Correlation Between Snap and Aptamer Sciences
Can any of the company-specific risk be diversified away by investing in both Snap and Aptamer Sciences at the same time? Although using a correlation coefficient on its own may not help to predict future stock returns, this module helps to understand the diversifiable risk of combining Snap and Aptamer Sciences into the same portfolio, which is an essential part of the fundamental portfolio management process.
By analyzing existing cross correlation between Snap Inc and Aptamer Sciences, you can compare the effects of market volatilities on Snap and Aptamer Sciences and check how they will diversify away market risk if combined in the same portfolio for a given time horizon. You can also utilize pair trading strategies of matching a long position in Snap with a short position of Aptamer Sciences. Check out your portfolio center. Please also check ongoing floating volatility patterns of Snap and Aptamer Sciences.
Diversification Opportunities for Snap and Aptamer Sciences
-0.22 | Correlation Coefficient |
Very good diversification
The 3 months correlation between Snap and Aptamer is -0.22. Overlapping area represents the amount of risk that can be diversified away by holding Snap Inc and Aptamer Sciences in the same portfolio, assuming nothing else is changed. The correlation between historical prices or returns on Aptamer Sciences and Snap is a relative statistical measure of the degree to which these equity instruments tend to move together. The correlation coefficient measures the extent to which returns on Snap Inc are associated (or correlated) with Aptamer Sciences. Values of the correlation coefficient range from -1 to +1, where. The correlation of zero (0) is possible when the price movement of Aptamer Sciences has no effect on the direction of Snap i.e., Snap and Aptamer Sciences go up and down completely randomly.
Pair Corralation between Snap and Aptamer Sciences
Given the investment horizon of 90 days Snap is expected to generate 1.08 times less return on investment than Aptamer Sciences. But when comparing it to its historical volatility, Snap Inc is 2.34 times less risky than Aptamer Sciences. It trades about 0.06 of its potential returns per unit of risk. Aptamer Sciences is currently generating about 0.03 of returns per unit of risk over similar time horizon. If you would invest 185,533 in Aptamer Sciences on August 25, 2024 and sell it today you would lose (3,933) from holding Aptamer Sciences or give up 2.12% of portfolio value over 90 days.

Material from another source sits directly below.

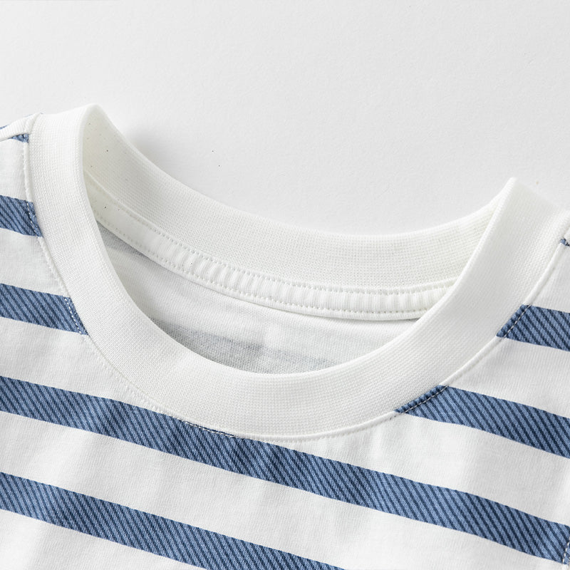 * Versatile blue and beige striped pattern with fun car print

Time Period | 3 Months [change] |
Direction | Moves Against |
Strength | Insignificant |
Accuracy | 93.33% |
Values | Daily Returns |
Snap Inc vs. Aptamer Sciences
Performance |
Timeline |
Snap Inc |
Aptamer Sciences |
Snap and Aptamer Sciences Volatility Contrast
Predicted Return Density |
Returns |
Pair Trading with Snap and Aptamer Sciences
The main advantage of trading using opposite Snap and Aptamer Sciences positions is that it hedges away some unsystematic risk. Because of two separate transactions, even if Snap position performs unexpectedly, Aptamer Sciences can make up some of the losses. Pair trading also minimizes risk from directional movements in the market. For example, if an entire industry or sector drops because of unexpected headlines, the short position in Aptamer Sciences will offset losses from the drop in Aptamer Sciences' long position.The idea behind Snap Inc and Aptamer Sciences pairs trading is to make the combined position market-neutral, meaning the overall market's direction will not affect its win or loss (or potential downside or upside). This can be achieved by designing a pairs trade with two highly correlated stocks or equities that operate in a similar space or sector, making it possible to obtain profits through simple and relatively low-risk investment.Aptamer Sciences vs. Samsung Electronics Co | Aptamer Sciences vs. Samsung Electronics Co | Aptamer Sciences vs. LG Energy Solution | Aptamer Sciences vs. SK Hynix |
Check out your portfolio center.Note that this page's information should be used as a complementary analysis to find the right mix of equity instruments to add to your existing portfolios or create a brand new portfolio. You can also try the Money Flow Index module to determine momentum by analyzing Money Flow Index and other technical indicators.